WHAT IS REQUIRED:
The listing below holds a line with "Elevate your style" and a line with "[ 年末年始休業期間 ]12月27日(土)~1月4日(日)". Reproduce those two lines exactly, plus everything between them.

SUPPLIED INFORMATION:

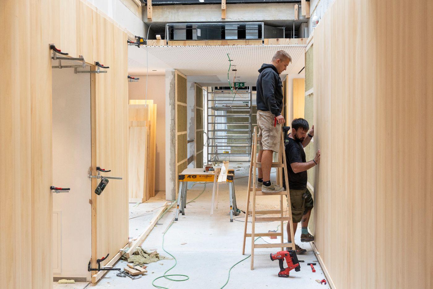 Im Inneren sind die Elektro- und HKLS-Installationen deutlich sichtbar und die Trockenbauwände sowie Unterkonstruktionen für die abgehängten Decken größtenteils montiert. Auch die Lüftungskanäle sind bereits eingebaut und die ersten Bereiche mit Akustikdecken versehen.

...

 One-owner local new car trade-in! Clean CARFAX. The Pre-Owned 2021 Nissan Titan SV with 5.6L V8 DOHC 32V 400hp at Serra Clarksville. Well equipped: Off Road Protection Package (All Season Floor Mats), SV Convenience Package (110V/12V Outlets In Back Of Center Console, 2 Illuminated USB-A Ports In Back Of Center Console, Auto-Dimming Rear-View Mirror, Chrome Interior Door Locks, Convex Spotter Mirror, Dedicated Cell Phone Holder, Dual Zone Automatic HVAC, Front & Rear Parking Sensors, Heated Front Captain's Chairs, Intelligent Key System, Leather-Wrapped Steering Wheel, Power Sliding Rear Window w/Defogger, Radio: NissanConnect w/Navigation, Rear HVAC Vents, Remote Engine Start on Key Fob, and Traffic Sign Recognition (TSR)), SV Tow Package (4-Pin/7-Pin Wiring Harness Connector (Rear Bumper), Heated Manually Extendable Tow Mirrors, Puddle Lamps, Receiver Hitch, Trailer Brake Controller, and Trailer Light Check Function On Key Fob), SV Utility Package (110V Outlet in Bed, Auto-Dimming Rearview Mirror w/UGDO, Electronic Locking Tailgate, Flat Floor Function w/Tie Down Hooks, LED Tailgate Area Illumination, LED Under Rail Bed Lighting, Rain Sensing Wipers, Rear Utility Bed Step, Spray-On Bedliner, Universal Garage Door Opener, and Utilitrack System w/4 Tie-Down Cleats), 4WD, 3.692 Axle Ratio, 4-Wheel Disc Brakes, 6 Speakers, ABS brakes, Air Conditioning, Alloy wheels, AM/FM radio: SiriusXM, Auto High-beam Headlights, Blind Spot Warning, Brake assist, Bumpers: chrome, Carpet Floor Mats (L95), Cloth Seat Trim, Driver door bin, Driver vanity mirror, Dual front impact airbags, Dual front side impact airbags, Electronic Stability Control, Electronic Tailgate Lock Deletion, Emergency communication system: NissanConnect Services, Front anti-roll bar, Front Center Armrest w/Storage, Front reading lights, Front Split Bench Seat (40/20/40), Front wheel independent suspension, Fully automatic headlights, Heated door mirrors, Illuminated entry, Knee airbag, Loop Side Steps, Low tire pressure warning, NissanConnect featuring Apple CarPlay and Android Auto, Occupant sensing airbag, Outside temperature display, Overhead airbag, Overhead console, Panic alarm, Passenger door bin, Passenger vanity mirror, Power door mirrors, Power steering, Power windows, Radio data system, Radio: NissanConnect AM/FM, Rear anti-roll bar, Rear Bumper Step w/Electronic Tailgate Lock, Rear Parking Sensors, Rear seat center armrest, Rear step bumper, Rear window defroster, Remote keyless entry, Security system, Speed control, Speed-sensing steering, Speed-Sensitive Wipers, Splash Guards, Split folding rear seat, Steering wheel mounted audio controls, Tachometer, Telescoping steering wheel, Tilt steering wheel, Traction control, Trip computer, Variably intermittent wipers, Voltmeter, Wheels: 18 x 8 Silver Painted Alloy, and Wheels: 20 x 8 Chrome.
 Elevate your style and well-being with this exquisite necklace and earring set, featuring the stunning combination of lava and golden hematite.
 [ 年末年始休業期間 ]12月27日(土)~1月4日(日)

* * *

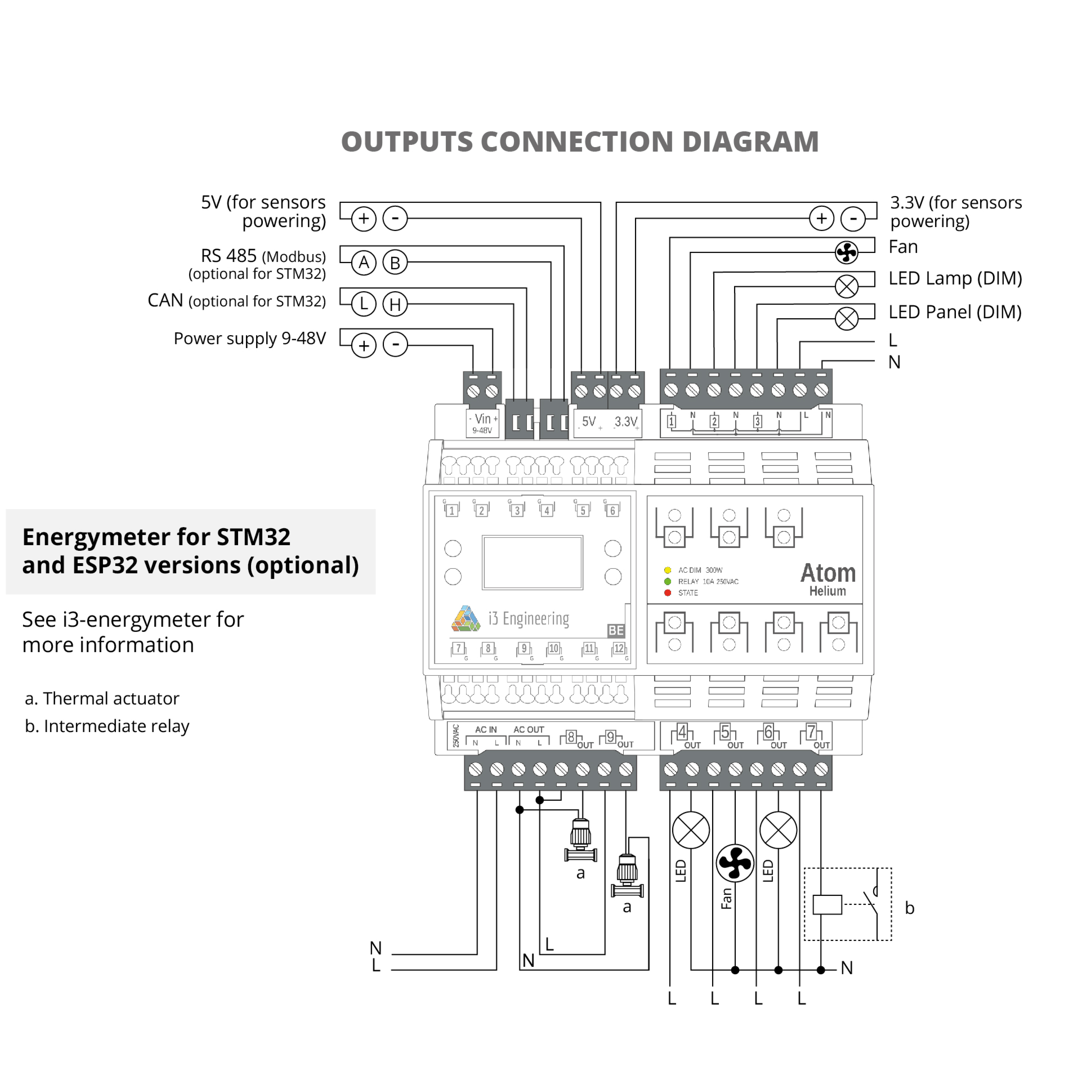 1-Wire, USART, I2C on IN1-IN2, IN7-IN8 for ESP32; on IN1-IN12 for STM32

SOLUTION TO THIS EXERCISE:
 Elevate your style and well-being with this exquisite necklace and earring set, featuring the stunning combination of lava and golden hematite.
 [ 年末年始休業期間 ]12月27日(土)~1月4日(日)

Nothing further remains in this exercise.